米ビジネス誌、ブルームバーグ・ビジネスウィークは10月4日、中国の工場でアメリカ向けに生産されているマザーボードに、悪意のあるチップが埋め込まれていることを示す詳細な調査報告を発表しました。これには中国軍部が関与しており、現在までに、アップルやアマゾンなど30社近い企業がこの影響を受けていると指摘されています。

ブルームバーグ・ビジネスウィークによると、アマゾンが2015年、画像処理技術企業エレメンタル・テクノロジーズの合併買収に当たり、同社製品の安全性を検査したところ、エレメンタル社サーバーのマザーボードから、設計図にない米粒大のチップが発見されました。このチップはメモリ、ネットワーク接続機能、情報処理能力を備えていました。

アマゾンがアメリカ政府に通報し、情報業界に大きな衝撃が走りました。その後、3年間にわたり詳細な調査が行われ、エレメンタル社のサーバーの製造者はアメリカのスーパーマイクロ社製だったことが最終的に確認されました。
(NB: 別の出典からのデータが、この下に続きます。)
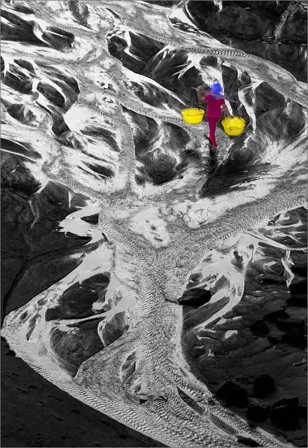 四、盡管拍攝霞浦灘涂各個焦段的鏡頭都能用上,但是拍得好的必然是擅于運用長焦鏡頭的人,灘涂變化的復(fù)雜性決定了只有長鏡頭才能有可能在這一小片灘涂上做出一大篇“文章”來。
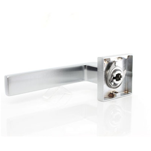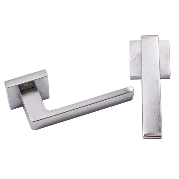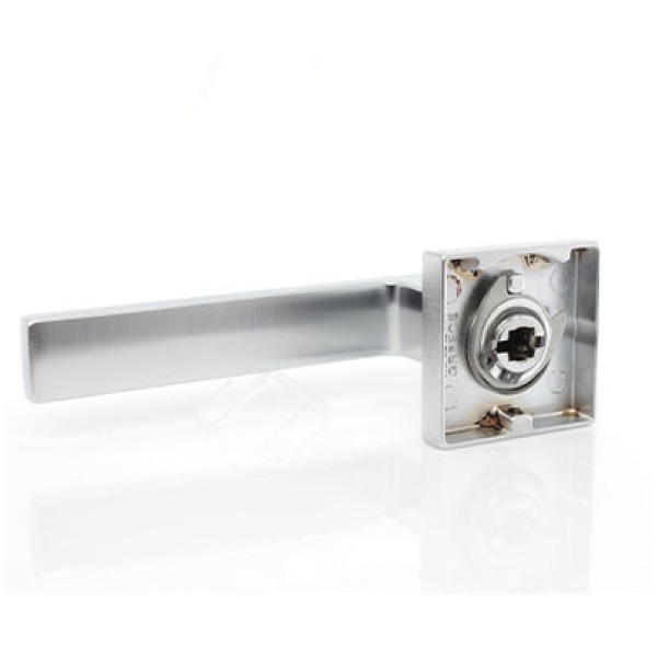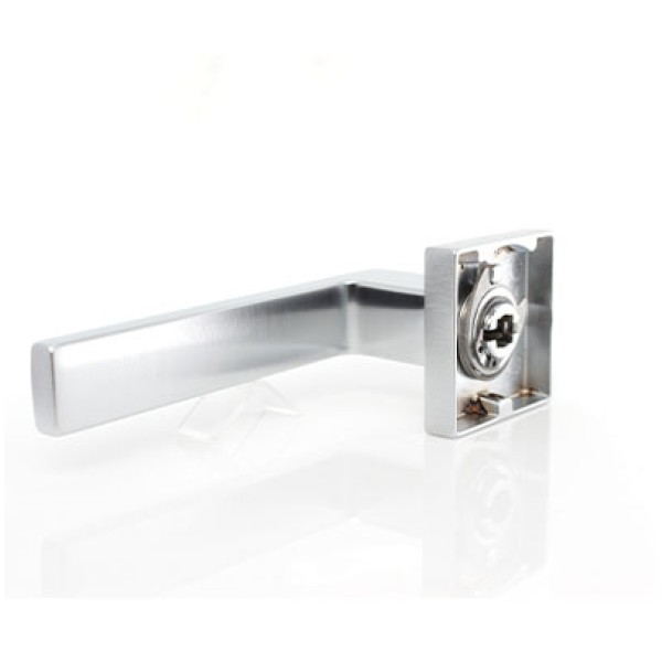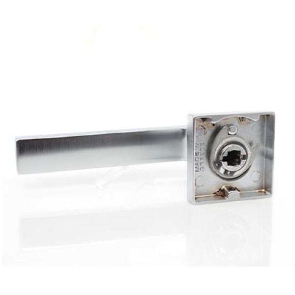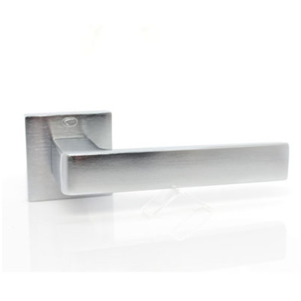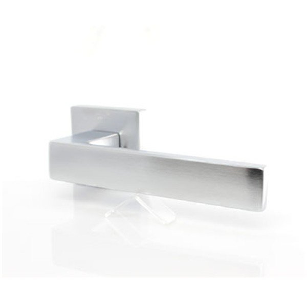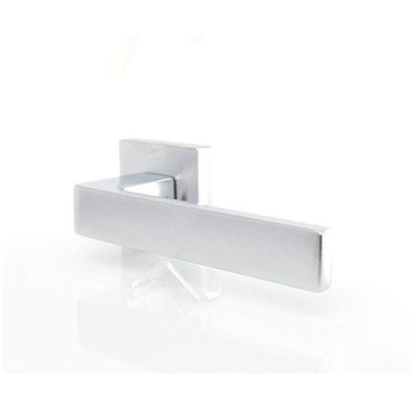 Ручка Convex 1605 на квадратній розетці, матовий хром. Модель для міжкімнатних дверей. Виготовлена зі спеціалізованого сплаву ZAMAK, який складається з алюмінію та цинку та відрізняється високими зносостійкими властивостями. Додаткове гальванічне покриття. Довжина ручки 130 мм. Розміри розетки 50х50 мм.
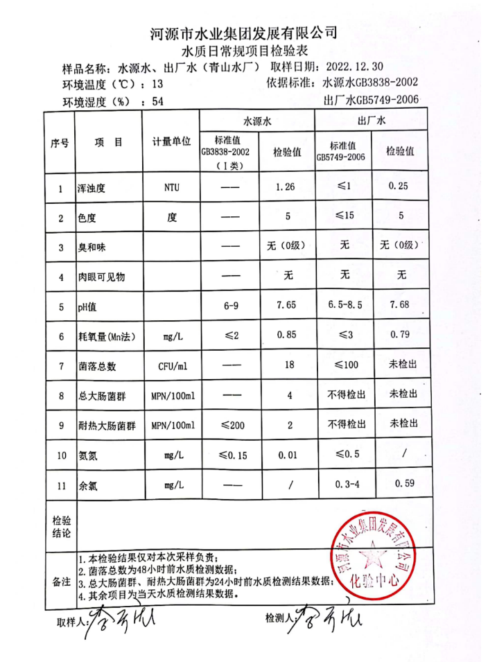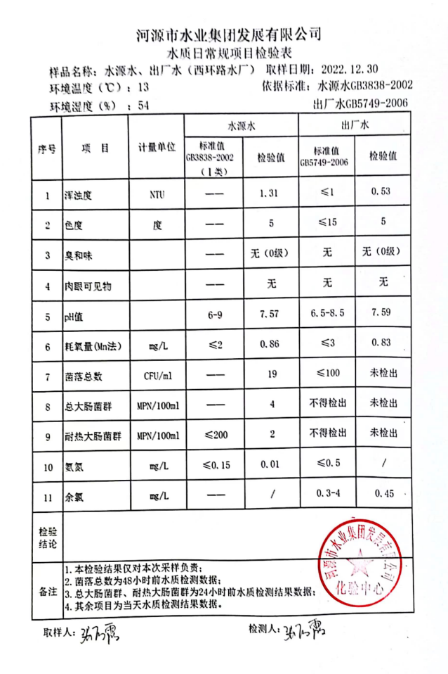 2022年12月30日水質(zhì)檢驗(yàn)報(bào)告
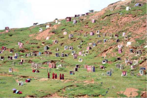 因为亚青寺的觉姆们如果想要提高自己的修为,就要在自己搭建的棚子当中闭关多日,而且每天要闭关四次。
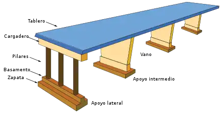 Así mismo, el término tablero[3] también hace referencia al elemento estructural sobre el que se apoya la calzada de un puente, haciendo extensiva a cualquier tipo de puente la denominación del conjunto de tablas con el que se habilita el paso en los puentes de madera.
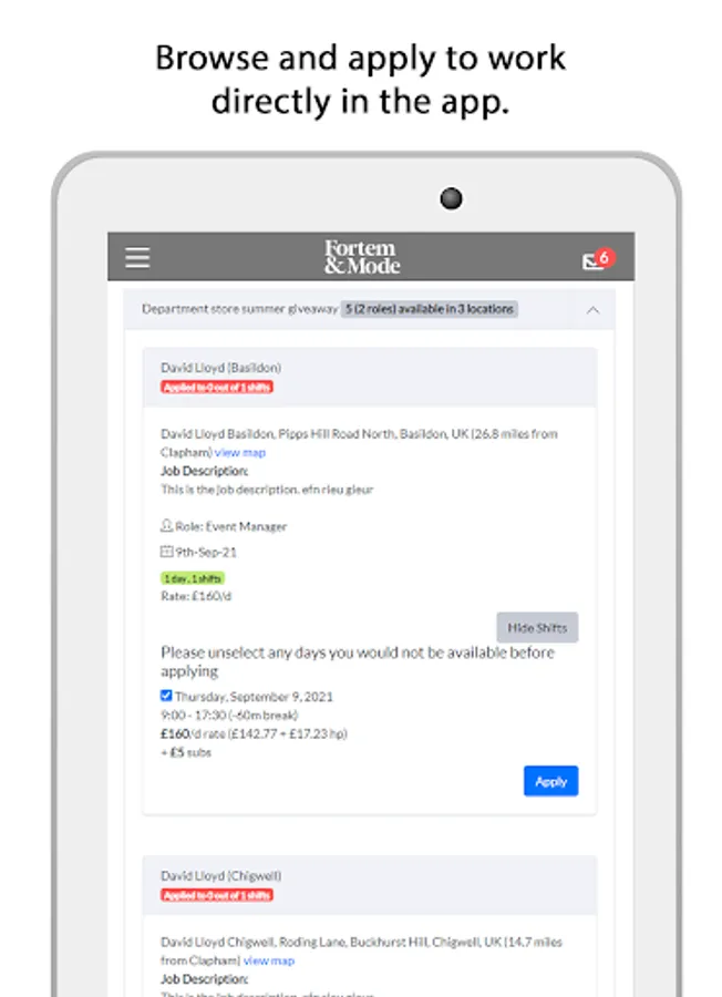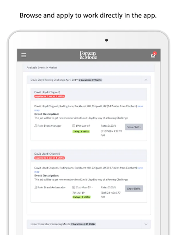 Find part-time, temp and event work in London and across the UK using the Fortem & Mode app.

スーパーマイクロ社のマザーボードはほぼすべてが中国で製造されています。

アメリカの調査スタッフは、中国政府が仲介者を通じてスーパーマイクロ社の下請け業者4社と接触し、工場責任者に賄賂を贈り、協力しなければ工場を閉鎖すると脅していたことを突き止めました。工場はやむなく政府から提供された悪意のあるチップをマザーボードに埋め込むことに同意しました。

このチップは中国人民解放軍のハードウェア攻撃専門部門で設計、製造されたもので、非常に小さいうえ、見た目が一般的な部品に似せてあるため、発見が難しいとされています。

これはサプライチェーンのおおもとでハードウェアを直接改ざんするという、アメリカで最も深刻なハッキング事件となりました。

在米ネットセキュリティー会社7Layer Labs責任者 張健氏

ハードウェア攻撃により、すべてのネットワーク指揮系統の破壊、コントロール、コマンドの改ざんなどが可能になる。これは我々が考え得る中で最も深刻で、最も被害を受ける攻撃の1つだ。民間人がこれを行うのは不可能だし、敢えてここまでやることはできない

このチップの影響を受けたとされる企業は今のところ約30社で、アップルやアマゾン、大手銀行、そしてアメリカ政府から業務委託されている企業の名も挙がっています。

アメリカ政府の情報関係職員は、スーパーマイクロ社がマザーボード世界最大手で、100以上の国に900社以上の顧客を抱えていることを挙げ、スーパーマイクロ社に対する攻撃は全世界に影響を及ぼすとしています。

在米ネットセキュリティー会社7Layer Labs責任者 張健氏

ハードウェア攻撃を調査するのは非常に難しい。アマゾンのような大手テクノロジー企業はこうした調査が可能だろうが、他の会社は難しいだろう。どれだけの米国企業がこの問題に直面するだろうか

ブルームバーグ・ビジネスウィークは、中国当局の目的は付加価値の高い企業秘密や、センシティブな政府ネットワーク情報を長期にわたり入手することだと分析しています。